**EXERCISE INSTRUCTIONS**
The answer must be an exact copy of the entries below, with no images in it.

**Data entries**
____

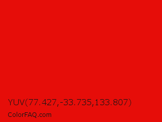YUV 77.427,-33.735,133.807 Color is a normal red color and the nearest color is KU Crimson #e8000d. Hex code #e60d09 and RGB value is rgb(230,13,9). In RGB color space, this color is composed of 90% red, 5% green, 4% blue, In CMYK color space, this color is composed of 0% cyan, 94% magenta, 96% yellow , 10% black , In HSL color space, this color has a hue angle of 1° , 92% saturation and 47% lightness.
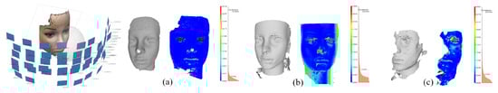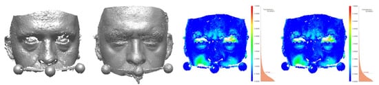 Doctors’ usual answer to the question about accuracy requirements was 1 mm for cephalometric analysis and 0.5 mm for plaster models, and these assumptions were checked when testing the implemented solutions [25,26]. Similar requirements for the accuracy of face scanning apply during intraoperative imaging [27], where a threshold below 1.0 mm was deemed acceptable and below 0.5 mm preferable. When specialists consult each other, it is estimated that verbal explanations of the geometry of the patient’s condition allows a mental image of it to be formed with an accuracy of about 2 mm.
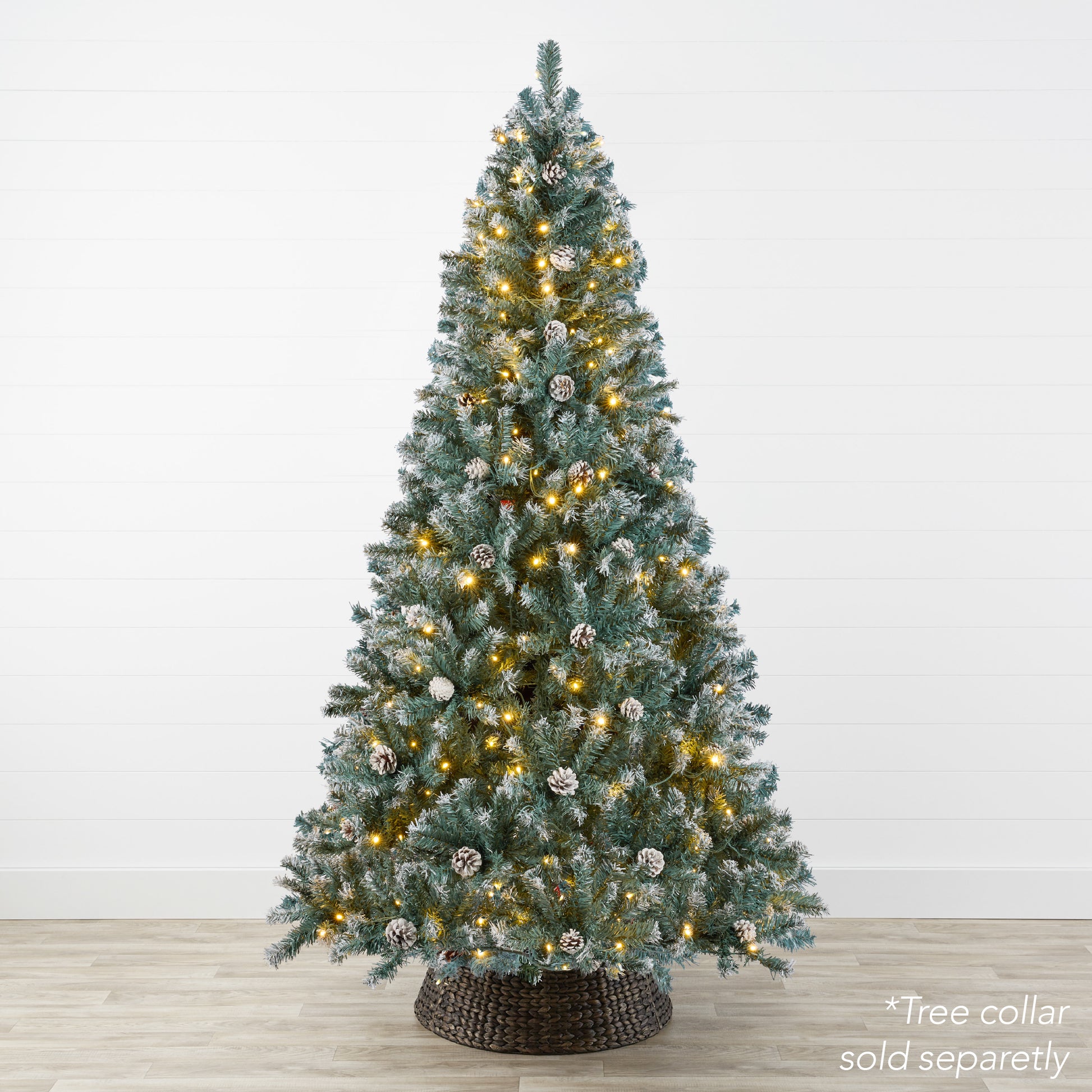 - PRE-DECORATED DESIGN: Made with 250, 550, and 850 LED lights (based on tree size), with pinecones that are evenly dispersed throughout the tree's partially flocked branches to create a natural look that brings a feel of the outdoors into your space
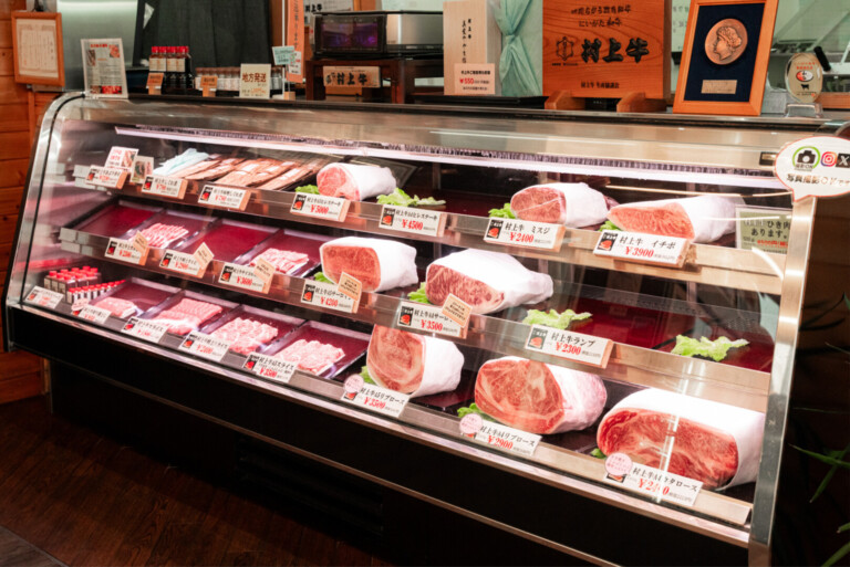 「美食や やま信」は、村上牛を専門に扱う精肉店。もともとは先代が営む小さなスーパーでしたが、代替わりを機に『村上牛専門店』へと業態を切り替えました。当時、村上牛はすでに“日本一”を2度受賞していましたが、新潟が「豚肉文化」だったこともあり、地元ではまだ広く知られていませんでした。そこでやま信さんは、北海道から沖縄まで百貨店を巡り、物産展などを通して村上牛のおいしさを積極的に発信!!“村上牛の魅力を全国に伝えてきたお店”として知られています。
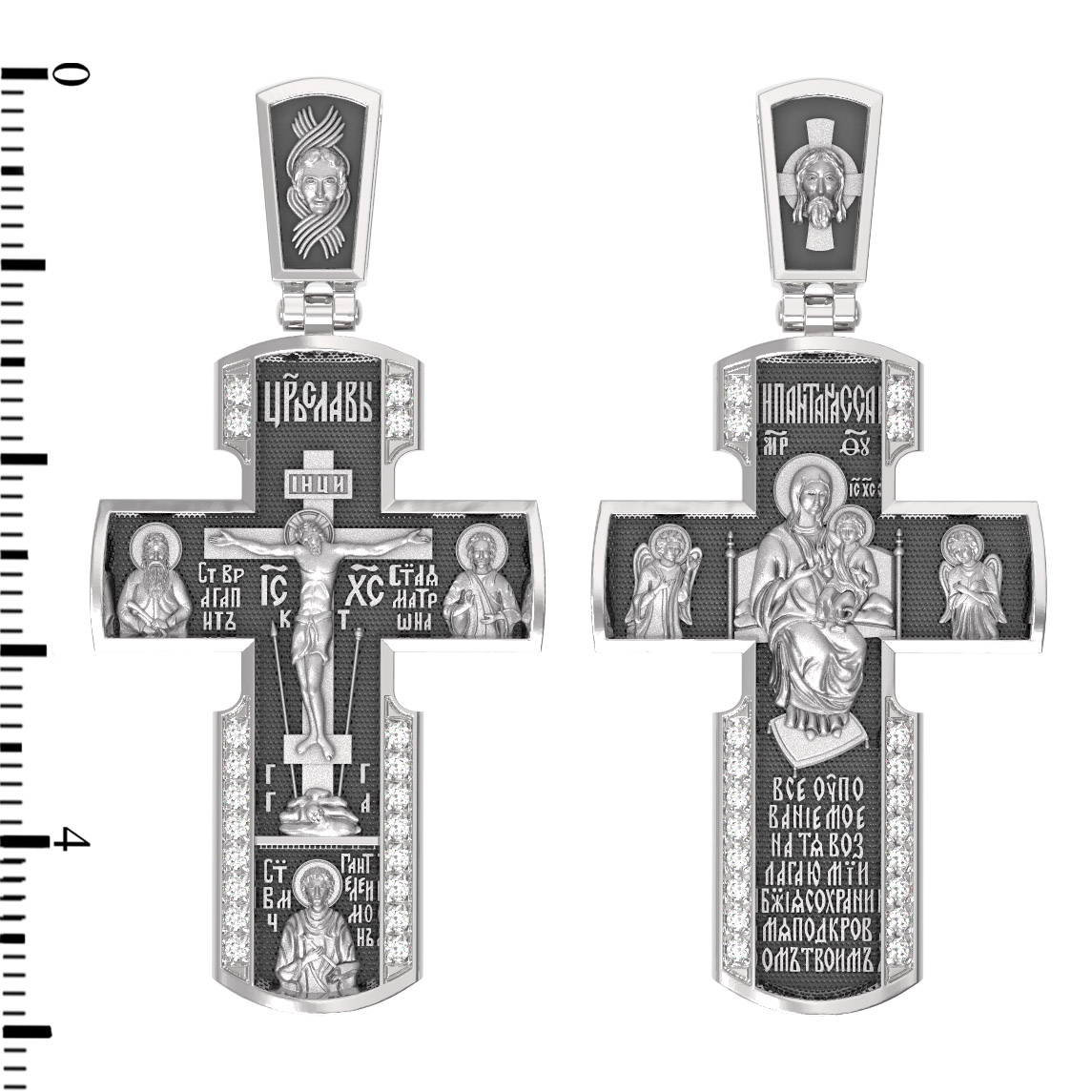 На лицевой стороне креста изображено Распятие Иисуса Христа на Голгофском Кресте, над вершиной которого помещена надпись «Царь Славы». Справа от Распятия помещен образ прославленной святой блаженной Матроны. «Матронушка», — ласково называют эту святую православные за удивительную любовь и помощь, которую она подает всем нуждающимся в ее поддержке. Слева — икона прп. Агапита. Этот святой жил в пещерах Киево-Печерского монастыря в XI веке и бескорыстно врачевал мирян и монахов.
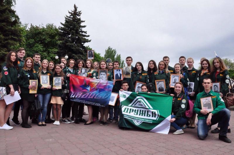Неизменным участником мемориальной акции является Воронежский государственный университет. Ежегодно студенты вуза становятся частью колонны «Бессмертного полка», выступают волонтерами шествия. В этом году участниками акции стали более 100 учащихся ВГУ. Фотографии своих родственников-фронтовиков также пронесли ректор Дмитрий Ендовицкий и проректор по воспитательной и социальной работе Олег Гришаев.
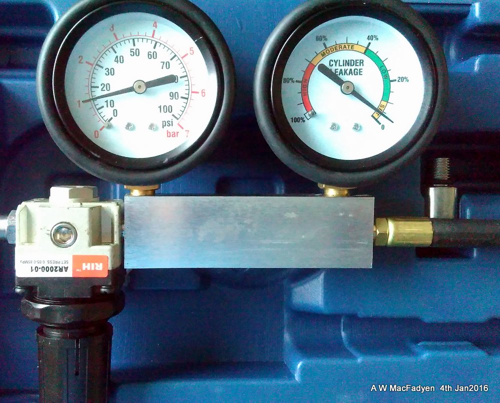 My little compressor generated enough pressure and flow for the test on a known good cylinder but the pump died in the process before I could get a picture or test it on a bad cylinder. I should say the 12v compressor was over 10 years old and was both tiny and the cheapest of the cheap. I am pretty sure one of those 2 cylinder versions advertised for 4x4 use would have been fine One thing I did discover was with the little compressor you really have to be 100% sure the air connections on the supply side are leak free.
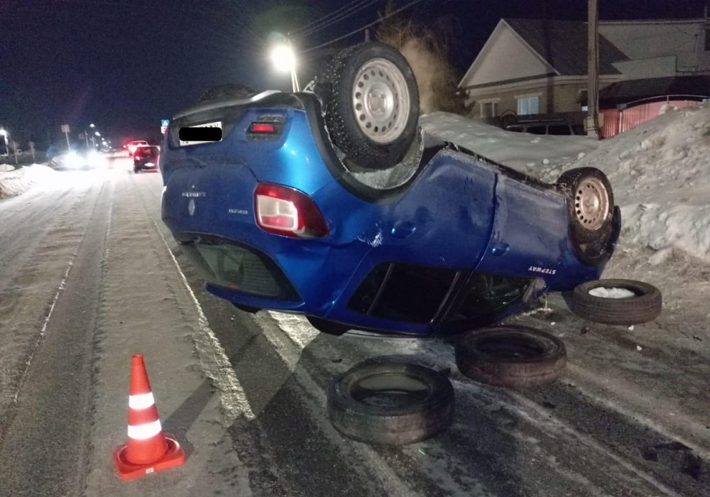 32-летняя женщина-водитель автомобиля Renault Sandero не справилась с управлением и допустила опрокидывание автомобиля.
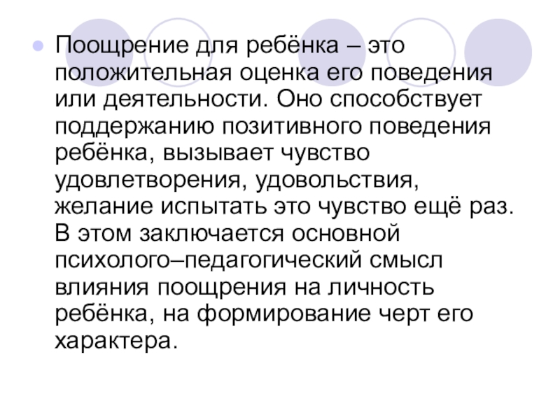Оно способствует поддержанию позитивного поведения ребёнка, вызывает чувство удовлетворения, удовольствия, желание испытать это чувство ещё раз. В этом заключается основной психолого–педагогический смысл влияния поощрения на личность ребёнка, на формирование черт его характера.
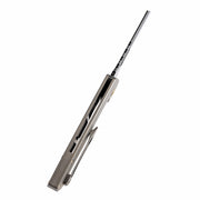The Leviathan features an ergonomic contoured titanium handle, complemented by a titanium pocket clip for secure and convenient carry. -
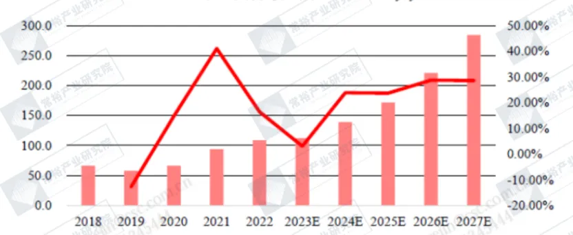 图表:中国火箭发射市场规模及增速(亿元)
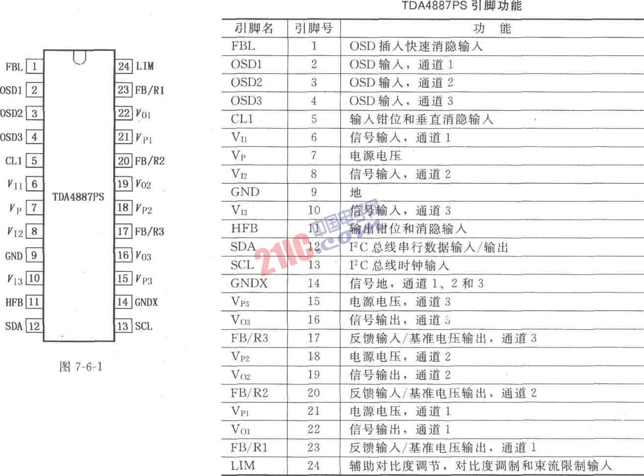 TDA4887PS是用于15''和17''彩色監(jiān)視器系統(tǒng)的RGB前置放大器單片集成電路,它具有I2C總線控制和OSD,以及束流限制和對(duì)比度調(diào)制等功能。IC提供亮度控制,既可具有灰度等級(jí)跟蹤,也可以不具有灰度等級(jí)跟蹤但容易調(diào)整的亮度控制。信號(hào)放大后可以驅(qū)動(dòng)通用視頻模式的彩色監(jiān)視器,也可以用于其他個(gè)別視頻模式的解決方案。有兩種黑色電平控制形式可以選擇:具有陰極DC耦合負(fù)反饋的黑色電平控制;具有陰極AC耦合正反饋和外部控制可關(guān)斷DAC輸出的黑色電平控制。TDA4887PS特別有利用于與TDA485X監(jiān)視器偏轉(zhuǎn)IC系列聯(lián)合使用。TDA4887PS的引腳排列及功能如圖所示。
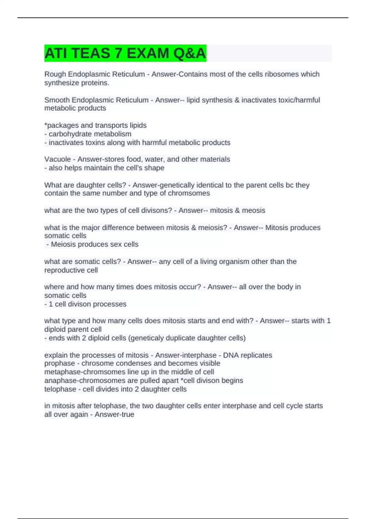 ATI TEAS 7 EXAM Q&A Rough Endoplasmic Reticulum - Answer-Contains most of the cells ribosomes which synthesize proteins. Smooth Endoplasmic Reticulum - Answer-- lipid synthesis & inactivates toxic/harmful metabolic products *packages and transports lipids - carbohydrate metabolism - inactivates toxins along with harmful metabolic products Vacuole - Answer-stores food, water, and other materials - also helps maintain the cell's shape What are daughter cells? - Answer-genetically identical to the parent cells bc they contain the same number and type of chromsomes what are the two types of cell divisons? - Answer-- mitosis & meosis what is the major difference between mitosis & meiosis? - Answer-- Mitosis produces somatic cells - Meiosis produces sex cells what are somatic cells? - Answer-- any cell of a living organism other than the reproductive cell where and how many times does mitosis occur? - Answer-- all over the body in somatic cells - 1 cell divison processes what type and how many cells does mitosis starts and end with? - Answer-- starts with 1 diploid parent cell - ends with 2 diploid cells (geneticaly duplicate daughter cells) explain the processes of mitosis - Answer-interphase - DNA replicates prophase - chrosome condenses and becomes visible metaphase-chromsomes line up in the middle of cell anaphase-chromosomes are pulled apart *cell divison begins telophase - cell divides into 2 daughter cells in mitosis after telophase, the two daughter cells enter interphase and cell cycle starts all over again - Answer-true

____

**ANSWER FOR THIS EXERCISE**
YUV 77.427,-33.735,133.807 Color is a normal red color and the nearest color is KU Crimson #e8000d. Hex code #e60d09 and RGB value is rgb(230,13,9). In RGB color space, this color is composed of 90% red, 5% green, 4% blue, In CMYK color space, this color is composed of 0% cyan, 94% magenta, 96% yellow , 10% black , In HSL color space, this color has a hue angle of 1° , 92% saturation and 47% lightness.
 Doctors’ usual answer to the question about accuracy requirements was 1 mm for cephalometric analysis and 0.5 mm for plaster models, and these assumptions were checked when testing the implemented solutions [25,26]. Similar requirements for the accuracy of face scanning apply during intraoperative imaging [27], where a threshold below 1.0 mm was deemed acceptable and below 0.5 mm preferable. When specialists consult each other, it is estimated that verbal explanations of the geometry of the patient’s condition allows a mental image of it to be formed with an accuracy of about 2 mm.
 - PRE-DECORATED DESIGN: Made with 250, 550, and 850 LED lights (based on tree size), with pinecones that are evenly dispersed throughout the tree's partially flocked branches to create a natural look that brings a feel of the outdoors into your space
 「美食や やま信」は、村上牛を専門に扱う精肉店。もともとは先代が営む小さなスーパーでしたが、代替わりを機に『村上牛専門店』へと業態を切り替えました。当時、村上牛はすでに“日本一”を2度受賞していましたが、新潟が「豚肉文化」だったこともあり、地元ではまだ広く知られていませんでした。そこでやま信さんは、北海道から沖縄まで百貨店を巡り、物産展などを通して村上牛のおいしさを積極的に発信!!“村上牛の魅力を全国に伝えてきたお店”として知られています。
 На лицевой стороне креста изображено Распятие Иисуса Христа на Голгофском Кресте, над вершиной которого помещена надпись «Царь Славы». Справа от Распятия помещен образ прославленной святой блаженной Матроны. «Матронушка», — ласково называют эту святую православные за удивительную любовь и помощь, которую она подает всем нуждающимся в ее поддержке. Слева — икона прп. Агапита. Этот святой жил в пещерах Киево-Печерского монастыря в XI веке и бескорыстно врачевал мирян и монахов.
Неизменным участником мемориальной акции является Воронежский государственный университет. Ежегодно студенты вуза становятся частью колонны «Бессмертного полка», выступают волонтерами шествия. В этом году участниками акции стали более 100 учащихся ВГУ. Фотографии своих родственников-фронтовиков также пронесли ректор Дмитрий Ендовицкий и проректор по воспитательной и социальной работе Олег Гришаев.
 My little compressor generated enough pressure and flow for the test on a known good cylinder but the pump died in the process before I could get a picture or test it on a bad cylinder. I should say the 12v compressor was over 10 years old and was both tiny and the cheapest of the cheap. I am pretty sure one of those 2 cylinder versions advertised for 4x4 use would have been fine One thing I did discover was with the little compressor you really have to be 100% sure the air connections on the supply side are leak free.
 32-летняя женщина-водитель автомобиля Renault Sandero не справилась с управлением и допустила опрокидывание автомобиля.
Оно способствует поддержанию позитивного поведения ребёнка, вызывает чувство удовлетворения, удовольствия, желание испытать это чувство ещё раз. В этом заключается основной психолого–педагогический смысл влияния поощрения на личность ребёнка, на формирование черт его характера.
The Leviathan features an ergonomic contoured titanium handle, complemented by a titanium pocket clip for secure and convenient carry. -
 图表:中国火箭发射市场规模及增速(亿元)
 TDA4887PS是用于15''和17''彩色監(jiān)視器系統(tǒng)的RGB前置放大器單片集成電路,它具有I2C總線控制和OSD,以及束流限制和對(duì)比度調(diào)制等功能。IC提供亮度控制,既可具有灰度等級(jí)跟蹤,也可以不具有灰度等級(jí)跟蹤但容易調(diào)整的亮度控制。信號(hào)放大后可以驅(qū)動(dòng)通用視頻模式的彩色監(jiān)視器,也可以用于其他個(gè)別視頻模式的解決方案。有兩種黑色電平控制形式可以選擇:具有陰極DC耦合負(fù)反饋的黑色電平控制;具有陰極AC耦合正反饋和外部控制可關(guān)斷DAC輸出的黑色電平控制。TDA4887PS特別有利用于與TDA485X監(jiān)視器偏轉(zhuǎn)IC系列聯(lián)合使用。TDA4887PS的引腳排列及功能如圖所示。
 ATI TEAS 7 EXAM Q&A Rough Endoplasmic Reticulum - Answer-Contains most of the cells ribosomes which synthesize proteins. Smooth Endoplasmic Reticulum - Answer-- lipid synthesis & inactivates toxic/harmful metabolic products *packages and transports lipids - carbohydrate metabolism - inactivates toxins along with harmful metabolic products Vacuole - Answer-stores food, water, and other materials - also helps maintain the cell's shape What are daughter cells? - Answer-genetically identical to the parent cells bc they contain the same number and type of chromsomes what are the two types of cell divisons? - Answer-- mitosis & meosis what is the major difference between mitosis & meiosis? - Answer-- Mitosis produces somatic cells - Meiosis produces sex cells what are somatic cells? - Answer-- any cell of a living organism other than the reproductive cell where and how many times does mitosis occur? - Answer-- all over the body in somatic cells - 1 cell divison processes what type and how many cells does mitosis starts and end with? - Answer-- starts with 1 diploid parent cell - ends with 2 diploid cells (geneticaly duplicate daughter cells) explain the processes of mitosis - Answer-interphase - DNA replicates prophase - chrosome condenses and becomes visible metaphase-chromsomes line up in the middle of cell anaphase-chromosomes are pulled apart *cell divison begins telophase - cell divides into 2 daughter cells in mitosis after telophase, the two daughter cells enter interphase and cell cycle starts all over again - Answer-true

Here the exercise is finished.